Add support for Semaphores (gpu waiting on gpu) in Ganesh

BUG=skia:

Change-Id: I4324b65bc50a3dfd90372459899870d5f1952fdc
Reviewed-on: https://skia-review.googlesource.com/9120
Commit-Queue: Greg Daniel <egdaniel@google.com>
Reviewed-by: Brian Salomon <bsalomon@google.com>
Reviewed-by: Brian Osman <brianosman@google.com>
diff --git a/src/gpu/GrGpu.h b/src/gpu/GrGpu.h
index f710810..201b22c 100644
--- a/src/gpu/GrGpu.h
+++ b/src/gpu/GrGpu.h
@@ -33,6 +33,7 @@
 class GrPipeline;
 class GrPrimitiveProcessor;
 class GrRenderTarget;
+class GrSemaphore;
 class GrStencilAttachment;
 class GrStencilSettings;
 class GrSurface;
@@ -378,10 +379,14 @@
     // Provides a hook for post-flush actions (e.g.
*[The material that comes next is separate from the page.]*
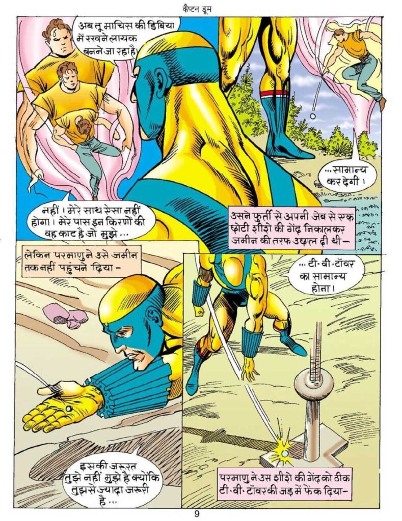कहानी का क्लाइमेक्स एक स्पेस सेंटर में सेट है। यहाँ परमाणु को खुद छोटा होना पड़ता है ताकि वह कैप्टन डूम के कंट्रोल रूम तक पहुँच सके। लेकिन एक ‘नन्हे’ इंसान के लिए दुनिया कितनी खतरनाक हो सकती है, यह इन पन्नों में बहुत अच्छे से दिखाया गया है।

PLS reset and Vulkan command buffer submits).
     virtual void finishOpList() {}
 
-    virtual GrFence SK_WARN_UNUSED_RESULT insertFence() const = 0;
-    virtual bool waitFence(GrFence, uint64_t timeout = 1000) const = 0;
+    virtual GrFence SK_WARN_UNUSED_RESULT insertFence() = 0;
+    virtual bool waitFence(GrFence, uint64_t timeout = 1000) = 0;
     virtual void deleteFence(GrFence) const = 0;
 
+    virtual sk_sp<GrSemaphore> SK_WARN_UNUSED_RESULT makeSemaphore() = 0;
+    virtual void insertSemaphore(sk_sp<GrSemaphore> semaphore) = 0;
+    virtual void waitSemaphore(sk_sp<GrSemaphore> semaphore) = 0;
+
     // Ensures that all queued up driver-level commands have been sent to the GPU. For example, on
     // OpenGL, this calls glFlush.
     virtual void flush() = 0;
diff --git a/src/gpu/GrSemaphore.h b/src/gpu/GrSemaphore.h
new file mode 100644
index 0000000..bdeff09
--- /dev/null
+++ b/src/gpu/GrSemaphore.h
@@ -0,0 +1,29 @@
+/*
+ * Copyright 2017 Google Inc.
+ *
+ * Use of this source code is governed by a BSD-style license that can be
+ * found in the LICENSE file.
+ */
+
+#ifndef GrSemaphore_DEFINED
+#define GrSemaphore_DEFINED
+
+#include "SkRefCnt.h"
+
+class GrGpu;
+
+class GrSemaphore : public SkRefCnt {
+public:
+    // This function should only be used in the case of exporting and importing a GrSemaphore object
+    // from one GrContext to another. When exporting, the GrSemaphore should be set to a null GrGpu,
+    // and when importing it should be set to the GrGpu of the current context. Once exported, a
+    // GrSemaphore should not be used with its old context.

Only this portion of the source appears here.